To be clear: you don’t need to use all of these variables in your visualization.

Start by deciding what variables are essential and which ones are optional. Choose at least two to include in your visualization.
Decide what kind of visualization you want to make. Relate your choices to the best practices for types of visualizations. > You might want to consult the cheat-sheet to see your options.
Finally, decide how you want to present it; what should the final product look like?

A good idea is to create it in layers, like we did before - updating as you go. We’ll start you off with some of the data and code scaffolding:

# my_data <- filter(pwt_data, (countrycode == "USA")|(countrycode == "CHN"))

# my_figure # give your plot a descriptive title
# <- ggplot(data = my_data, aes( #add your aesthetics below
#                 x = ..., 
#                 y = ...,
#                 color = ...)) + # remember this is optional
#                 labs(x = "...", # what labels do you want to add?
#                     y = "...",
#                     title = "...") +
#                     theme(text = element_text(size = ...))+
#                 geom_...() # what geom will you use?  Does it need options?

#my_figure 

# uncomment (delete the leading "#" symbol) to use these lines. 
# Pro tip, you can uncomment an entire section by highlighting it and selecting "command + /"

Try to see if you can piece together a decent graph using your learning from this notebook before you continue. Depending on the direction you choose, your plot might look something like this one below.

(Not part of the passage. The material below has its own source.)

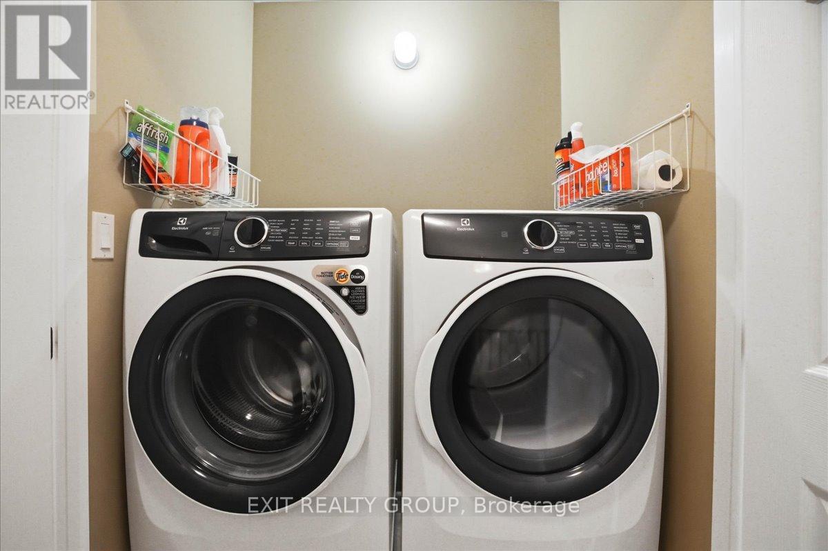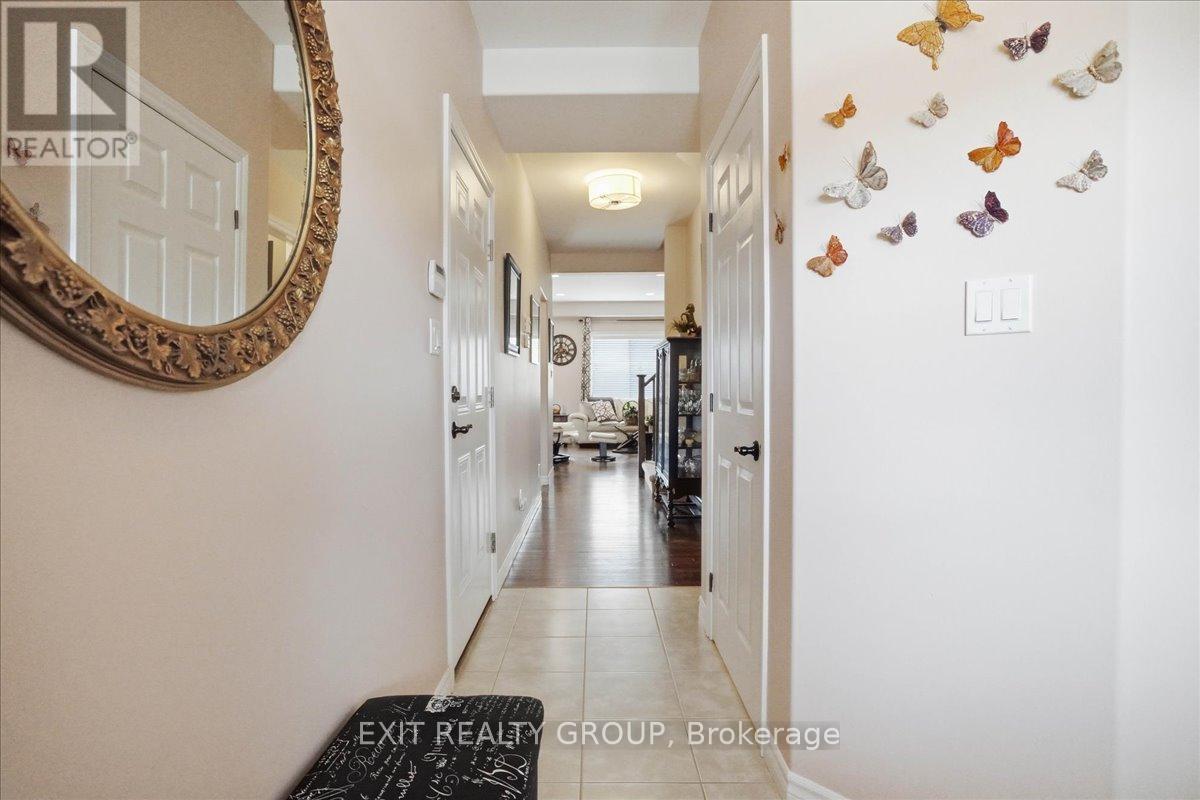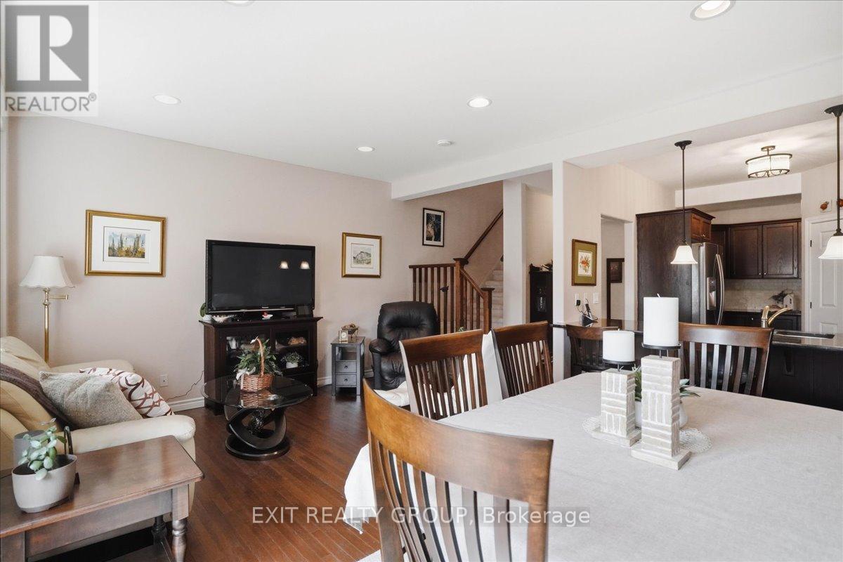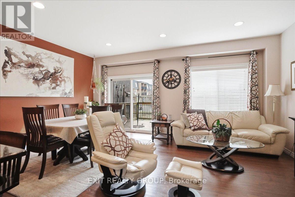 Exquisite 2 bed, 4 bath, two-storey townhouse condo, with an attached garage close to all amenities that Belleville has to offer. The main level greets you with a welcoming foyer providing seamless interior access to the garage for ultimate convenience. At the heart of the home lies a gourmet custom kitchen, anchored by a stylish center island with seating for three - perfect for casual morning coffee - complemented by a practical 2-piece bathroom nearby. The open-concept layout flows into a dedicated dining area, where elegant glass doors lead to your private rear deck and backyard, ideal for alfresco entertaining. The upper level is a retreat, featuring two primary bedrooms, each boasting its own private ensuite for a true 'double-master' experience. This level is rounded out by conveniently located second-floor laundry, eliminating the need for stairs on wash day. The versatile lower level adds significant living space offering an expansive area for a recreation room or den - perfect for a home office, a 2-piece bathroom, and ample storage. Situated in a premier, family-friendly community, this impeccable home offers a rare combination of luxury and function. (id:64974)

This visualization was made using the following features:

y = year, x = rtfpna
geom_line() function with argument: size = 3 in between the parentheses to make the lines a bit more visible
color = country to create two unique lines on the graph for China and the US
labs(color = "Country") to give nice, human readable title to our color legend

If you’re stuck, try to re-create this one, before starting on your own.